[Instructions to follow] I need the lines from the one holding "이에 지난 21일 용남면" to the last line of the data below repeated exactly, both included, without pictures.

[Source data]
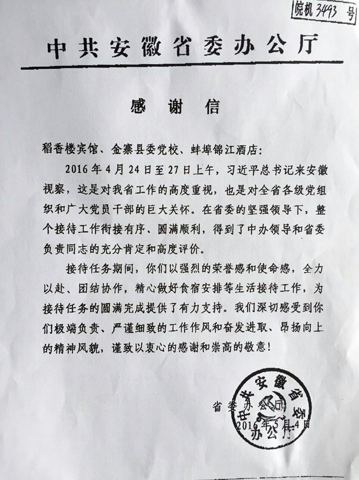 省委辦公廳發(fā)來(lái)感謝信肯定安徽水利錦江大酒店接待工作
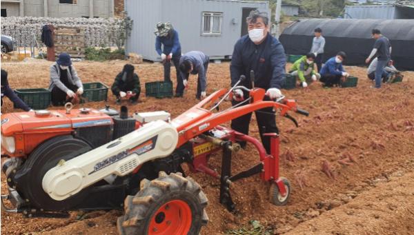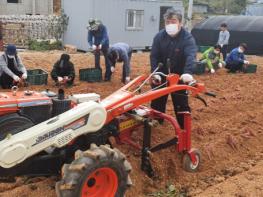 이에 지난 21일 용남면 대안마을에서 경남농업기술원과 농업기술센터 직원 30여명이 참여하여 고령화로 고구마 수확작업(2,000㎡)에 어려움을 겪는 농가를 지원하였으며 이번 일손 돕기는 농번기 인력이 부족한 농가에 실직적인 도움을 주고자 이뤄졌다.
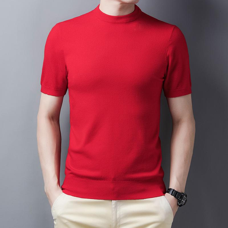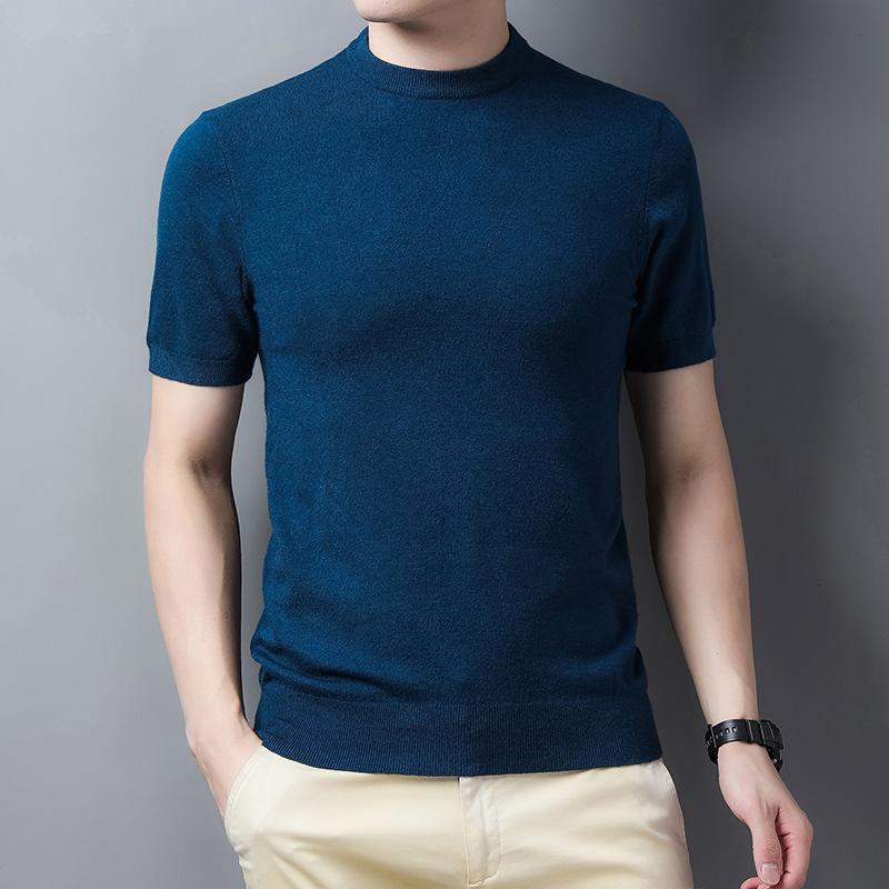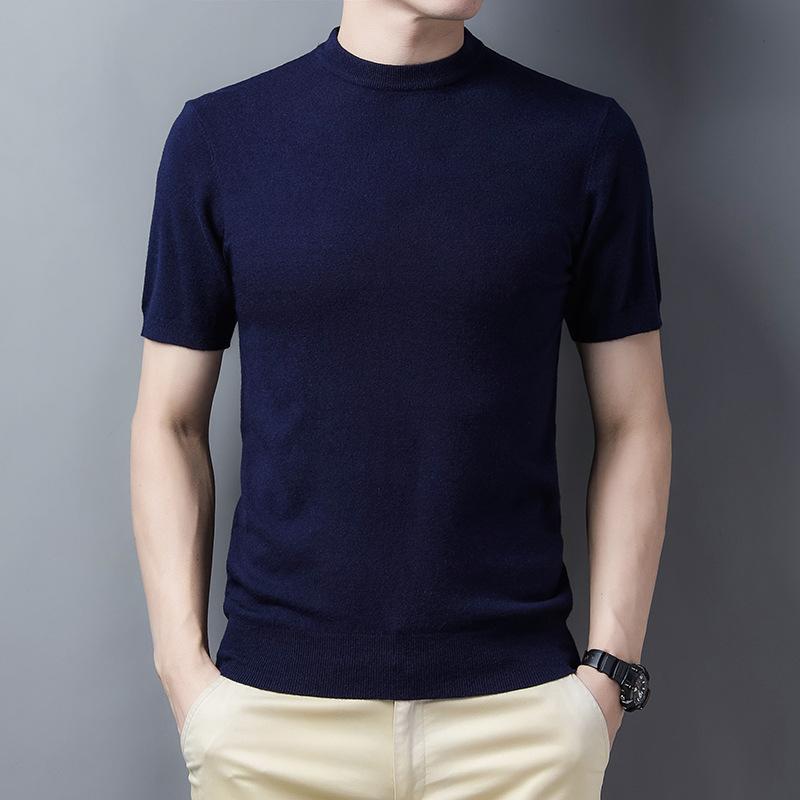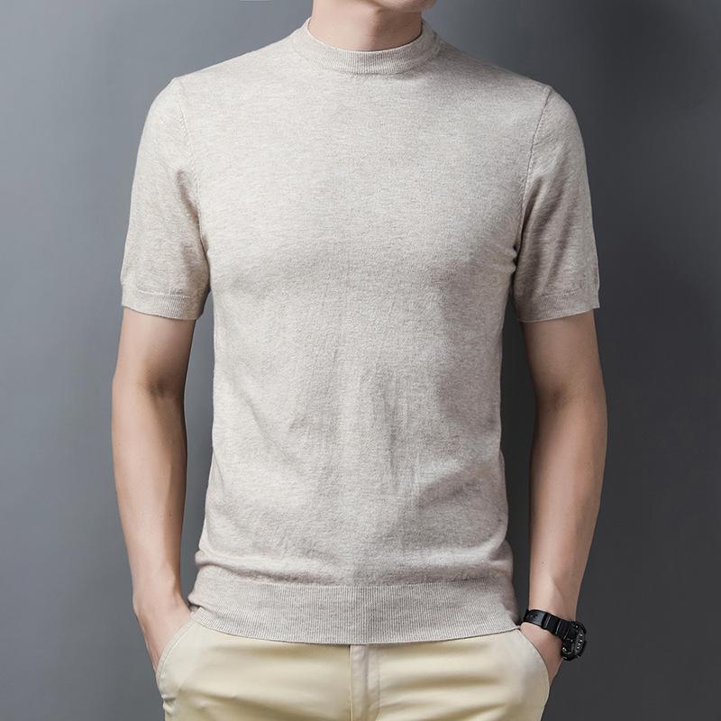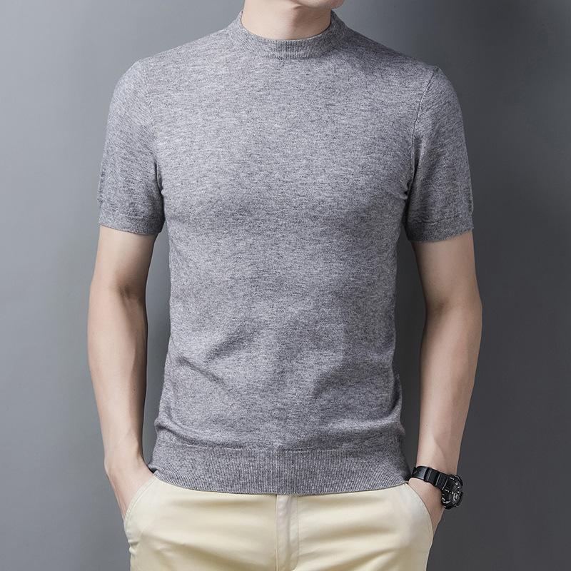 Весенний мужской свитер с коротким рукавом в рубчик, повседневная молодежная рубашка с круглым вырезом и прямой трубкой

[Result of this task]
 이에 지난 21일 용남면 대안마을에서 경남농업기술원과 농업기술센터 직원 30여명이 참여하여 고령화로 고구마 수확작업(2,000㎡)에 어려움을 겪는 농가를 지원하였으며 이번 일손 돕기는 농번기 인력이 부족한 농가에 실직적인 도움을 주고자 이뤄졌다.
 Весенний мужской свитер с коротким рукавом в рубчик, повседневная молодежная рубашка с круглым вырезом и прямой трубкой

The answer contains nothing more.